Vous êtes un acteur et un observateur de longue date du combat pour l’éducation artistique et culturelle dans notre pays. Quel regard portez-vous sur la situation actuelle ?
Jean-Gabriel Carasso : Nous vivons une période paradoxale : jamais autant de discours et d’affirmations sur la « priorité » à accorder à ce domaine, et, en même temps, jamais autant de confusion, voire de régression dans les faits. Ce que l’on a nommé « éducation artistique et culturelle » depuis une quarantaine d’année, ce furent avant tout des pratiques pédagogiques nouvelles, ancrées dans les grands mouvements de « l’action culturelle » et de « l’éducation active », menées à la fois par des enseignants et par des artistes. Ateliers de théâtre ou de cinéma, sorties et visites de musées, rencontres avec des peintres, des musiciens, des danseurs : ces activités ont pris des formes diverses (PAE, PACTE, ateliers de pratique artistique, classes à projet artistique, jumelages, etc.) auxquelles s’ajoutaient des formations spécifiques (en IUFM, dans les Universités d’été) et une riche production d’outils pédagogiques (livres, films, DVD, revues). Le principe majeur de cet ensemble était d’aborder la question de l’art et de la culture par la pratique, par le contact direct avec les œuvres et les artistes, par le jeu, par l’écriture, par le corps, visant ainsi au développement créatif des individus autant qu’à l’acquisition de connaissances. Une éducation par l’art, plus qu’une éducation à l’art ! Or, depuis peu, une conception scolaire académique, au pire sens du terme, a détourné le sens des mots en rétablissant plutôt des formes « d’enseignement obligatoire ». C’est le cas pour l’enseignement obligatoire de « l’histoire des arts », qui relègue les activités pratiques à la marge. De plus les formations d’enseignants se réduisent : le département « art et culture » du CNDP est progressivement dépouillé de ses moyens. Il s’agit d’un profond détournement de sens ! Un seul exemple : sur le site officiel « histoire des arts » mis en ligne par le ministère de la Culture, l’histoire du théâtre au XXème siècle se résume à Brecht, Beckett, le Festival d’Avignon et Peter Brook. Quelle indigence !

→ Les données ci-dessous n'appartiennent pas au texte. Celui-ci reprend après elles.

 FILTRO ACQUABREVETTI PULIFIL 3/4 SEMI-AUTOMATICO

« Une éducation par l’art, plus qu’une éducation à l’art ! »
En quoi l’éducation artistique et culturelle, telle que vous la définissez, est-elle aujourd’hui fondamentale ?

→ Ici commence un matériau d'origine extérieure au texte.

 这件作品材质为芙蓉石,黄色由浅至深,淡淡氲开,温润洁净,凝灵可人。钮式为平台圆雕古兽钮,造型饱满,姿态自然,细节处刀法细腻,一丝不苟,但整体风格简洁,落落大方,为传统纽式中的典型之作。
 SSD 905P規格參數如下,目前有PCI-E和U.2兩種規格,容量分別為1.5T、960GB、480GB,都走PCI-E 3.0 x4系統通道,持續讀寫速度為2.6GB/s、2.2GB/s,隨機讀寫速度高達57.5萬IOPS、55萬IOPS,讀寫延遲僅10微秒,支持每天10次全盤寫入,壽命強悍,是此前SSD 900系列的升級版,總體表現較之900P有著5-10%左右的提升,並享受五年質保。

J.-G. C. : Nous vivons une période de bouleversements considérables, une véritable « bataille de l’imaginaire ». Dans ce monde en effervescence, deux angoisses principales nous assaillent : quelle éducation et quelle culture ? Quelle éducation : à savoir que faut-il transmettre à nos enfants, comme connaissances, comme valeurs, comme attitudes ? Quelle culture : à savoir que peut-on partager avec eux (mais aussi avec d’autres adultes, d’origines diverses) comme valeurs symboliques, comme langages, comme imaginaires ? Au carrefour de ces deux préoccupations, se trouve précisément « l’éducation artistique et culturelle ». Cet espace de travail permet une formidable dialectique entre le réel et le symbolique, le patrimoine et la création, l’individu et la société, ici et ailleurs… C’est un espace exceptionnel pour tenter des réponses aux angoisses du moment, pour peu que cela soit mené avec sérieux et que ceux qui s’y consacrent puissent être formés à cette complexité. Nous en sommes loin !
L’Etat est-il en mesure d’assumer un tel objectif ? Sinon, à qui faut-il faire appel ? Aux collectivités territoriales ? A des officines extérieures ?

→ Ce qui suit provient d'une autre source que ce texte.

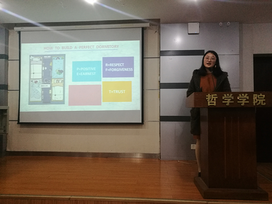 12月8日晚,该院“乐活珞珈”寝室文化节闭幕。学风被列为优秀寝室的一个重要指标,经过致美装扮、悦居检查、爱智游戏、求真展示等环节,8个优秀寝室从17个寝室中脱颖而出,选送到学校进行评选表彰。

J.-G. C. : L’Etat porte une grande part de responsabilité et devrait garantir dans l’éducation des jeunes un espace-temps dévolu à une éducation artistique et culturelle conséquente, et s’attacher à la formation des adultes. D’autres peuvent évidemment y contribuer, notamment les collectivités territoriales. Elles le font d’ailleurs de plus en plus. Je pense à l’initiative de Philippe Meirieu, vice-président de la Région Rhône-Alpes, qui impose désormais dans tous ses stages de formation d’adultes une dimension culturelle, ou aux « parcours culturels gratuits » mis en place par la Ville de Toulouse pour plusieurs milliers d’enfants. Et tant d’autres ! Sur le terrain, des politiques intelligentes se développent, heureusement. Car faute de politiques cohérentes, c’est un marché qui se développerait. Pour le meilleur et pour le pire !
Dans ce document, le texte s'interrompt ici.